It's only a problem if you want it to run "natively" without any Linux components, which would render most of the ecosystem useless to you - it is my impression that the porters were originally trying port not just the CLI tool but also the container runtime. Every other non-Linux platform with Docker support doesn't port the runtime, it ports the CLI tool and runs the runtime in a VM - this may be because the effort was done by the folks behind Docker...The problem with that is that Docker relies on Linux only kernel features like name spaces (were supposed to be introduced in FreeBSD 12, did that happen?) or control groups.
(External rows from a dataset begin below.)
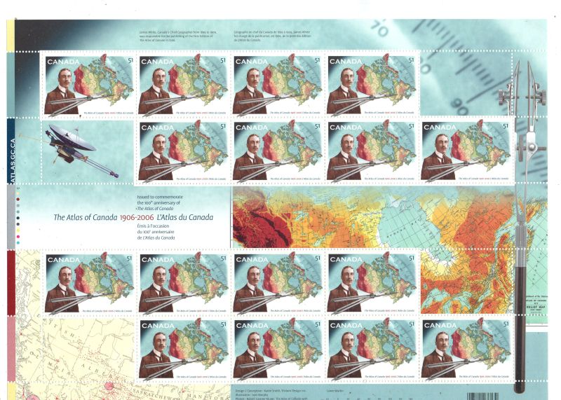 Canada Scott & Unitrade Catalogue number 2166 2006 100th Anniversary Atlas of Canada stamp sheet of 16.
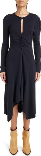 Dorya Center Ruched Long Sleeve Stretch Silk Midi Dress
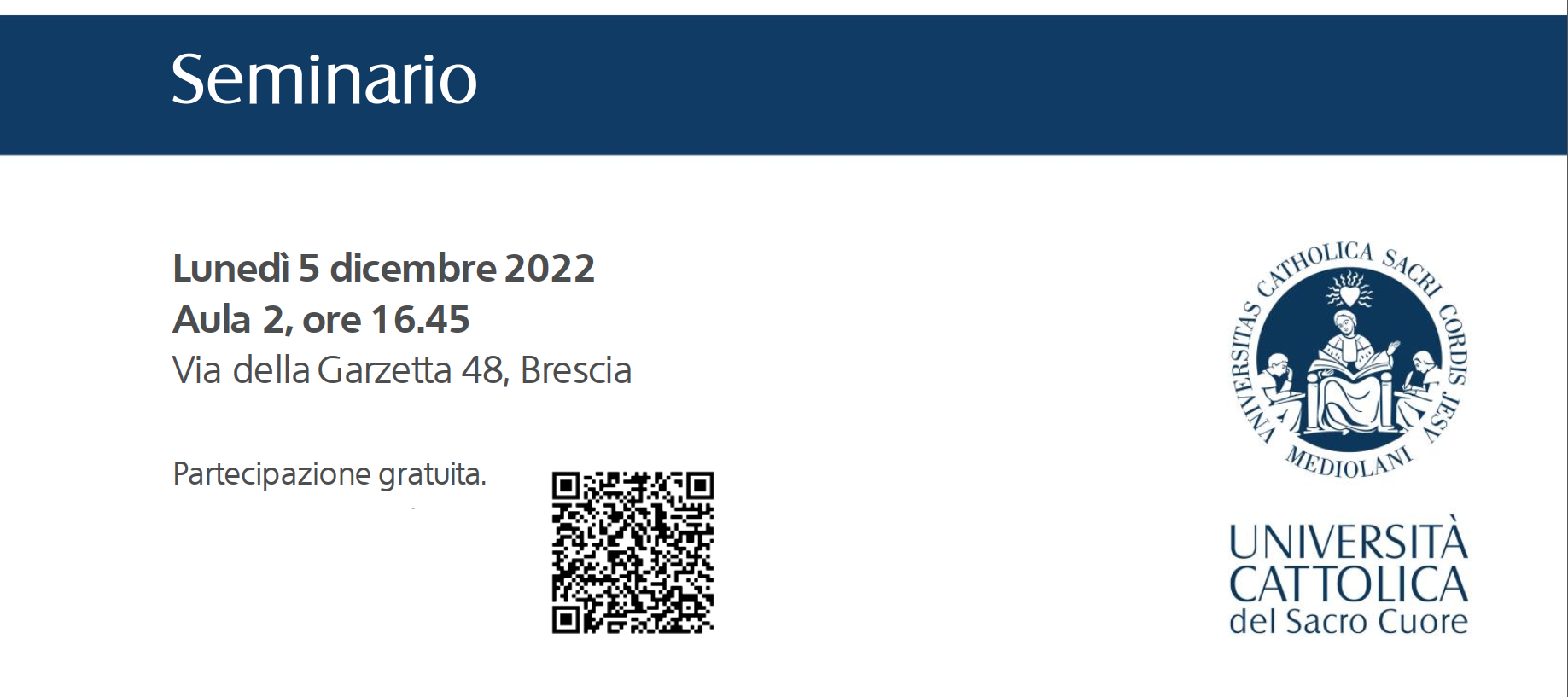 Lunedì 5 dicembre 2022 presso la sede dell’Università in via della Garzetta 48 si terrà il seminario

So in order to get it running you've got to rewrite these portions of docker to work differently, but do the same.
The Docker CLI tool (i.e. sysutils/docker, which is (aside from patches) the same Docker CLI tool I have on my work Mac and my personal Linux desktop) does not require Linux only kernel features like name spaces. It just requires the configuration to talk to the Docker daemon which could be running on a local Linux VM or a remote Linux host.
A while ago I mostly got colima running on FreeBSD, it's basically some wrapper around qemu that creates a VM that runs the Docker daemon. The bit that stopped me going any further was how old sysutils/docker was and how much patching was required. If sysutils/docker was up-to-date and worked then I think those that wanted it could have Docker on FreeBSD in the same way that macOS and Windows has Docker.
And I keep saying Docker but mean to say "Linux container", because Docker is just a particular implementation these days.
Slightly off topic, but personally I'm quite excited to see where the runj project goes.